- Last week my sister-in-law in Thailand told me her gardener returned to his hometown for the Thai New Year and never came back. She says that this happens to her on a regular basis. She pays well by Thai standards and also gives her worker a free place to live. About every three years, after her worker has saved enough money to get by without working for a couple of years, he quits and goes into retirement until the money runs out.
- A day later I am reading a passage from Tiziano Terzani’s A Fortune-Teller Told Me: Earthbound Travels in the Far East. The events in the book take place in 1993, the year Terzani travels Asia by land because a Hong Kong fortune teller tells him not to board a plane (and to Terzani’s own surprise, he heeds the advice). While in Indonesia, Terzani laments that the country is developing economically, but that a disproportionate amount of the money is going into the pockets of Chinese expatriates, not local residents. He speculates that the reason for this is that the average Indonesian wants only to have enough, whereas many Chinese entrepreneurs emigrate to Indonesia specifically to get rich. Terzani summarizes his point with an analogy of two fisherman in the same village, one Indonesian and one Chinese. The Indonesian fishermen has a good day on the water, so after bringing in his catch, he celebrates by putting his feet up. The Chinese fisherman also had a good day, so right after he brings in his catch, he heads back out to sea to catch more fish.

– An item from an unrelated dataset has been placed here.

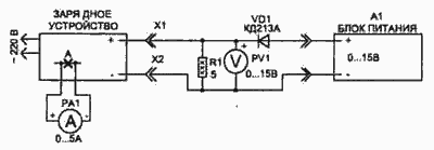 Для регулировки зарядного устройства потребуется источник постоянного напряжения с перестройкой от 3 до 15 В. Удобно воспользоваться схемой соединений, показанной на рис.2.

- This morning on CNN on-line I read an article about Ma Yun (English name Jack Ma), one of the richest men in China. He was being criticized for embracing the Chinese work practice known as 996. Nine-nine-six refers to working from 9am to 9pm six days a week. Ma was not advocating ridiculously long work hours for everyone, but was pointing out that great accomplishments do not come from working a standard workweek. He was quoted as saying, “I personally think that 996 is a huge blessing. How do you achieve the success you want without paying extra effort and time?”
I wish that, during my working years, I’d been more like the Thai gardener and the hypothetical Indonesian fisherman. Ironically, had I spent less time at work, I would have done more gardening and more fishing.